The most important U.S. Supreme Court decision on disparate impact discrimination in employment is Griggs v. Duke Power Co., 401 U.S. 424 (1971). A group of African-American employees alleged that the defendant violated Title VII by requiring candidates for transfer or promotion within the company to have a high school diploma or pass “a standardized general intelligence test.” Id. at 426. The Supreme Court agreed with the plaintiffs. It found that, while the defendant’s policy appeared neutral with regard to race, it was not “significantly related to successful job performance” and had the effect of discriminating against African-American employees. Id. The Supreme Court has also rejected a “bottom line” defense, in which an employer argued that they should not be held liable if a discriminatory practice happens not to have an overall adverse impact in the balance of employees. Connecticut v. Teal, 457 U.S. 440 (1982).

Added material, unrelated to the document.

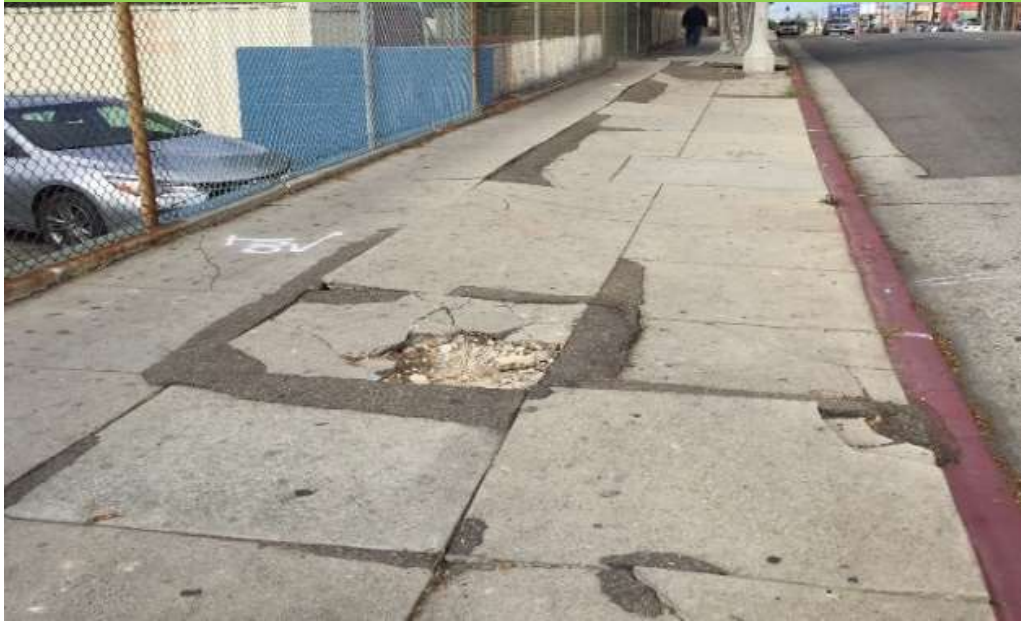
Before at Venice Blvd. and Magnolia Ave.

Several federal agencies have adopted a set of standards known as the Uniform Guidelines for Employee Selection Procedures in their regulations. This includes the DOJ and the Equal Employment Opportunity Commission (EEOC). See 28 C.F.R. § 50.14, 29 C.F.R. pt. 1607. Under these guidelines, a selection rate in hiring or promotion for a protected category like race or sex that “is less than four-fifths (4/5) (or eighty percent) of the rate for the group with the highest rate” is considered evidence of disparate impact discrimination. 28 C.F.R. 50.14(4)(D), 29 C.F.R. § 1607.4(D). Both the DOJ and the EEOC raise claims of disparate impact in civil enforcement actions.